Source material: Begin
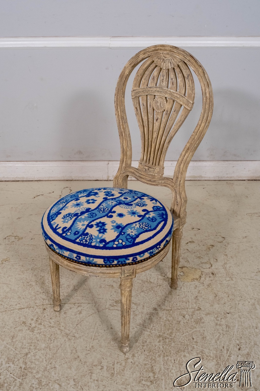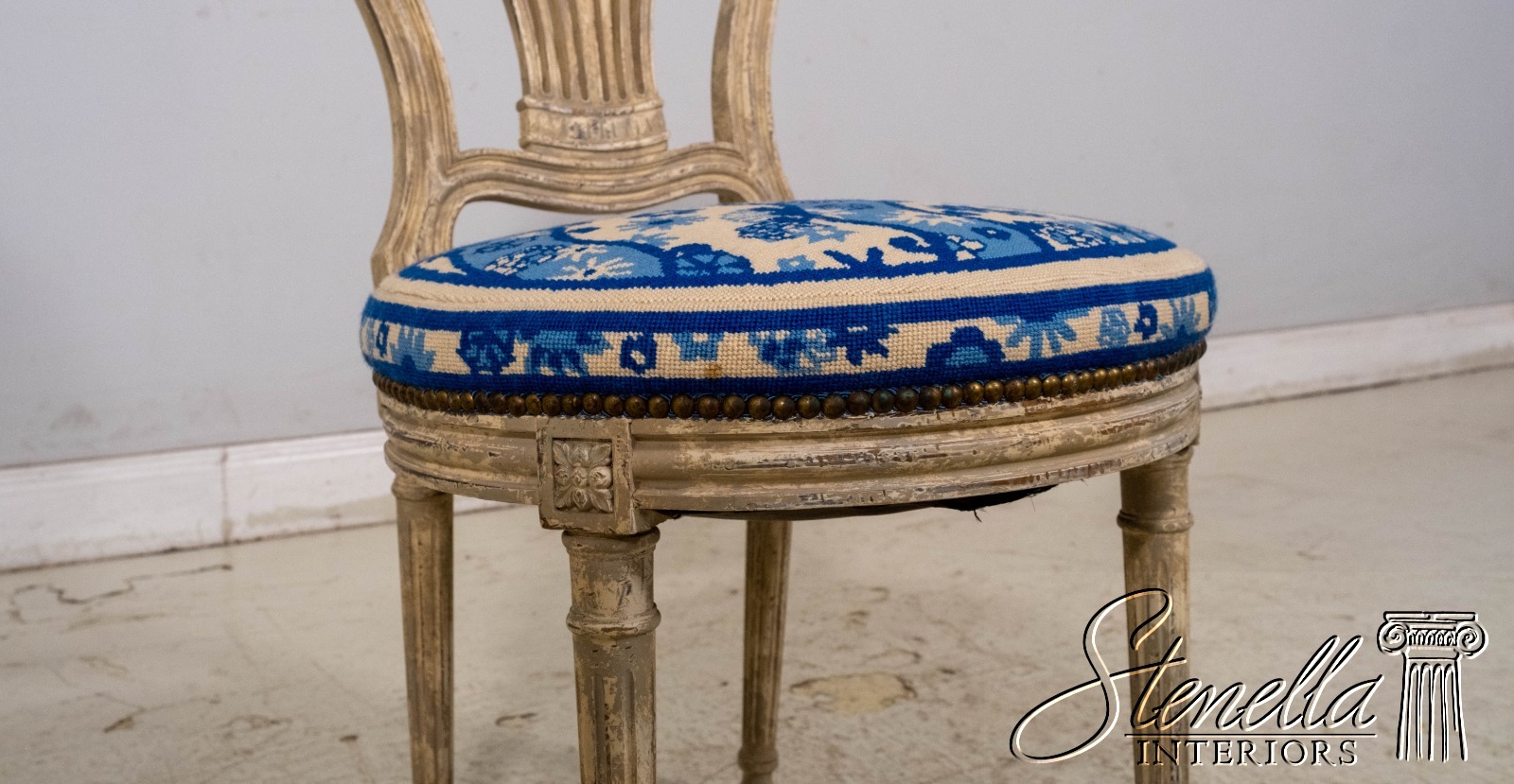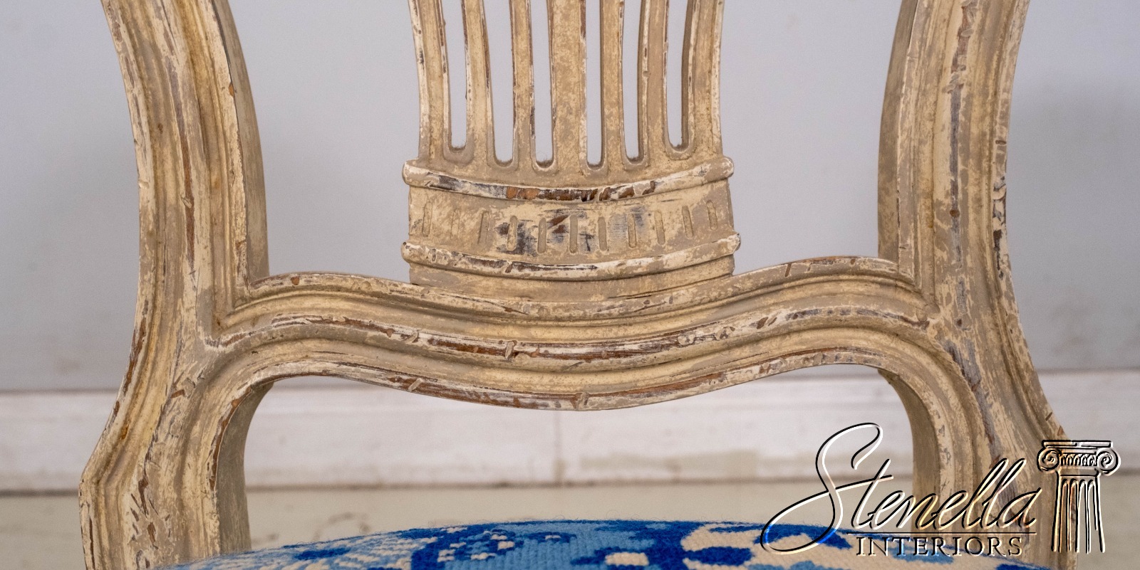 Details: Stunning Distressed Finish Vintage Chairs Fine Carved Details High Quality Construction High Quality Hand Done Needlepoint Seats Intentional Distressing Balloon Back Design Un-Marked As To Manufacture Offered @ Fraction Original Retail Cost
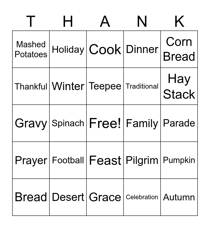 This bingo card has a free space and 45 words: Apple Pie, Autumn, Blessings, Bread, Calendar, Celebration, Cook, Corn, Corn Bread, Desert, Dinner, Family, Feast, Football, Gathering, Grace, Grateful, Gravy, Greetings, Hay Stack, Holiday, Home, Leaves, Mashed Potatoes, Mayflower, Parade, Pumpkin Pie, Pecan Pie, Pilgrim, Prayer, Prosperous, Pumpkin, Reunion, Seasons, Serve, Spinach, Squash, Stuffing, Sweet Potatoes, Teepee, Thankful, Traditional, Turkey, Winter and Yams.
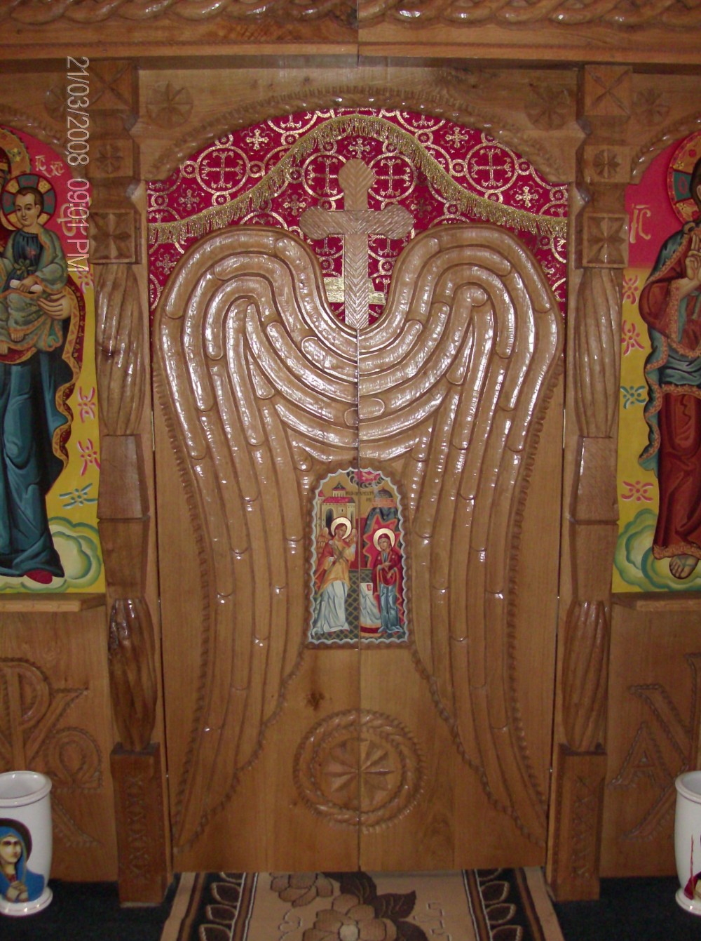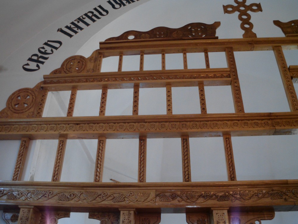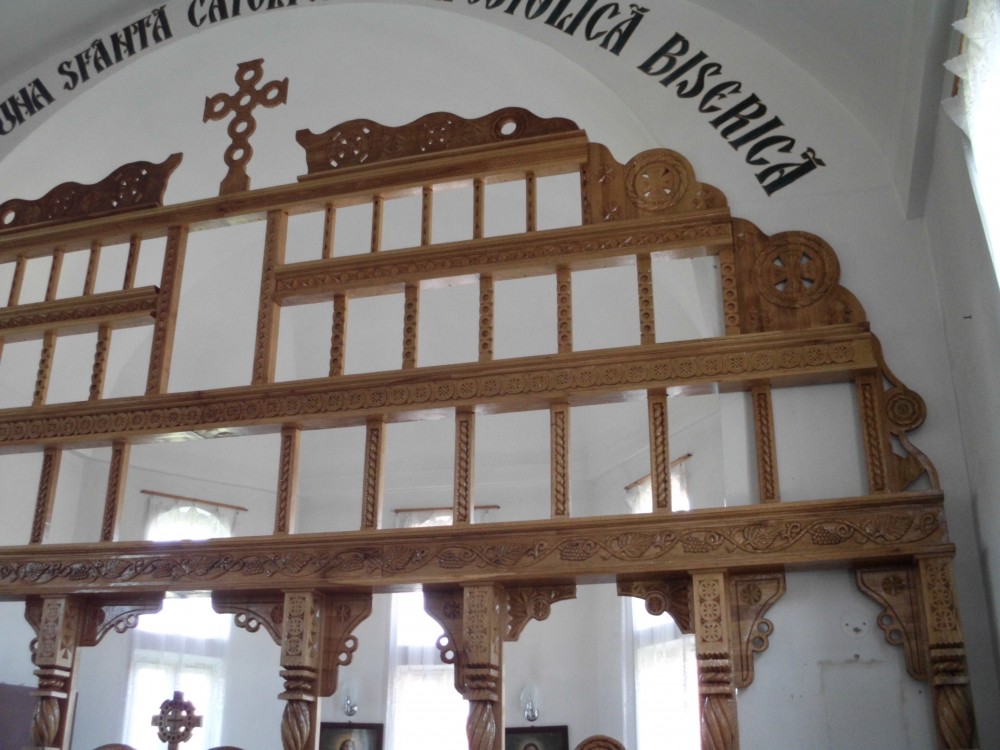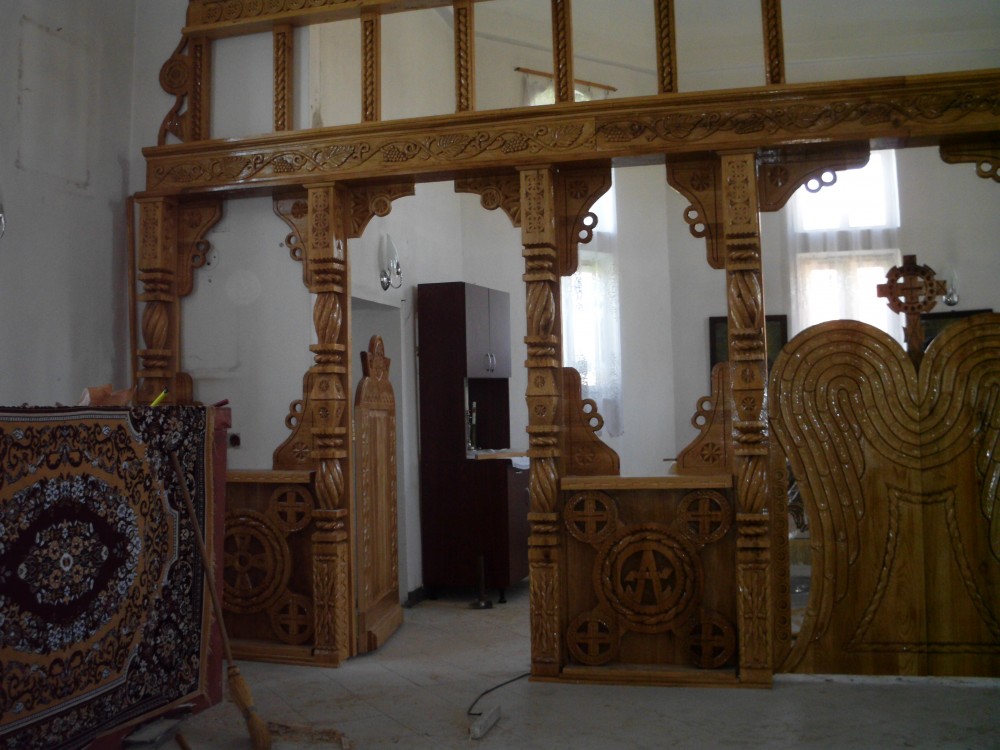 The iconostasis must comply with the structure and design: in the middle are the imperial doors, followed by the Deacon`s doors, and above are spaces for three or more rows with icons, and the cross in the middle framed by other two icons. The most common models are the iconostases which have a very complex sculpture, loaded with many vegetal-stylized floral motifs representations. It is worth mentioning that the sculpture on the iconostasis is done mainly through professional machines, which make them fit in the type series. Although in the finishing chisels are used, the iconostasis are very similar to each other. A major limitation of these types of iconostasis is the lack of adaptability to space of the church, sometimes necessary handmade additions spoil the look of the work unit. In contrast to the above, we bring creativity and originality combined with canonical requirements. Although some equipment is needed for the preparation of the materials, the sculpture is entirely manual. In terms of structure iconostases have many dimensions: the ones for the cathedral, much higher, the churches and the small chapel.
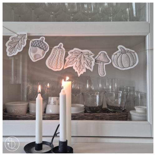 Die Girlande wird ITH gestickt. Auf der Rückseite befindet sich ein Tunnel, durch den Du ein Band ziehen kannst.
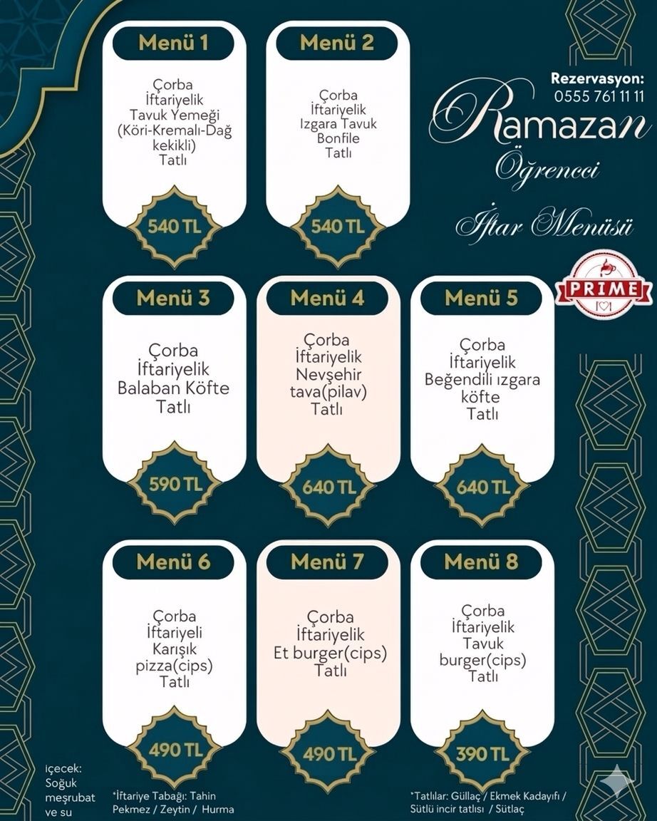 İşletmede ayrıca Balaban köfte, Nevşehir tava, tavuk ve pizza gibi birçok ana yemek seçeneğinin yer aldığı geleneksel iftar menüleri de bulunuyor. Prime Cafe’nin Ramazan boyunca sahur hizmetine de devam ettiği ve gece saat 04.00’e kadar açık olduğu belirtildi.
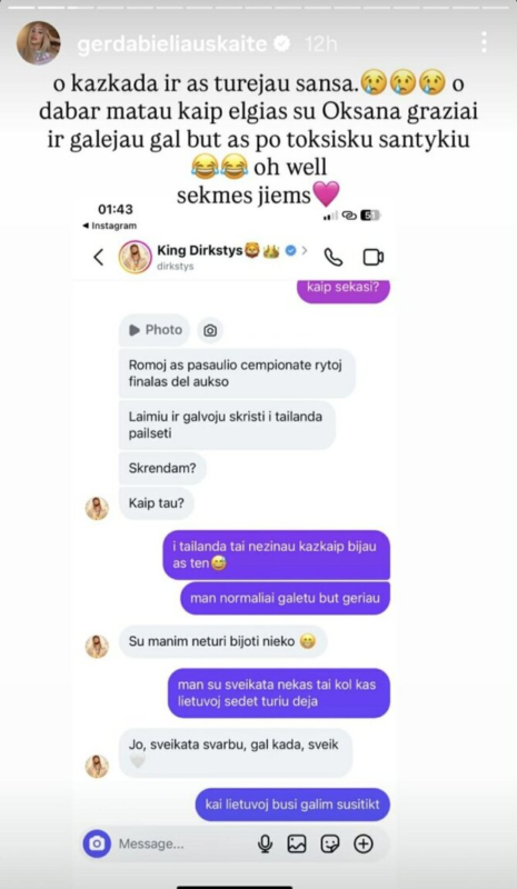 Viešojoje erdvėje netylant kalboms apie Oksana Pikul ir Dominykas Dirkstys santykius, netikėtai prabilo nuomonės formuotoja Gerda Bieliauskaitė. Ji nusprendė paviešinti asmeninį susirašinėjimą su kovotoju.
Source material: End
Restate every line above exactly, omitting images.

- Response:
 Details: Stunning Distressed Finish Vintage Chairs Fine Carved Details High Quality Construction High Quality Hand Done Needlepoint Seats Intentional Distressing Balloon Back Design Un-Marked As To Manufacture Offered @ Fraction Original Retail Cost
 This bingo card has a free space and 45 words: Apple Pie, Autumn, Blessings, Bread, Calendar, Celebration, Cook, Corn, Corn Bread, Desert, Dinner, Family, Feast, Football, Gathering, Grace, Grateful, Gravy, Greetings, Hay Stack, Holiday, Home, Leaves, Mashed Potatoes, Mayflower, Parade, Pumpkin Pie, Pecan Pie, Pilgrim, Prayer, Prosperous, Pumpkin, Reunion, Seasons, Serve, Spinach, Squash, Stuffing, Sweet Potatoes, Teepee, Thankful, Traditional, Turkey, Winter and Yams.
 The iconostasis must comply with the structure and design: in the middle are the imperial doors, followed by the Deacon`s doors, and above are spaces for three or more rows with icons, and the cross in the middle framed by other two icons. The most common models are the iconostases which have a very complex sculpture, loaded with many vegetal-stylized floral motifs representations. It is worth mentioning that the sculpture on the iconostasis is done mainly through professional machines, which make them fit in the type series. Although in the finishing chisels are used, the iconostasis are very similar to each other. A major limitation of these types of iconostasis is the lack of adaptability to space of the church, sometimes necessary handmade additions spoil the look of the work unit. In contrast to the above, we bring creativity and originality combined with canonical requirements. Although some equipment is needed for the preparation of the materials, the sculpture is entirely manual. In terms of structure iconostases have many dimensions: the ones for the cathedral, much higher, the churches and the small chapel.
 Die Girlande wird ITH gestickt. Auf der Rückseite befindet sich ein Tunnel, durch den Du ein Band ziehen kannst.
 İşletmede ayrıca Balaban köfte, Nevşehir tava, tavuk ve pizza gibi birçok ana yemek seçeneğinin yer aldığı geleneksel iftar menüleri de bulunuyor. Prime Cafe’nin Ramazan boyunca sahur hizmetine de devam ettiği ve gece saat 04.00’e kadar açık olduğu belirtildi.
 Viešojoje erdvėje netylant kalboms apie Oksana Pikul ir Dominykas Dirkstys santykius, netikėtai prabilo nuomonės formuotoja Gerda Bieliauskaitė. Ji nusprendė paviešinti asmeninį susirašinėjimą su kovotoju.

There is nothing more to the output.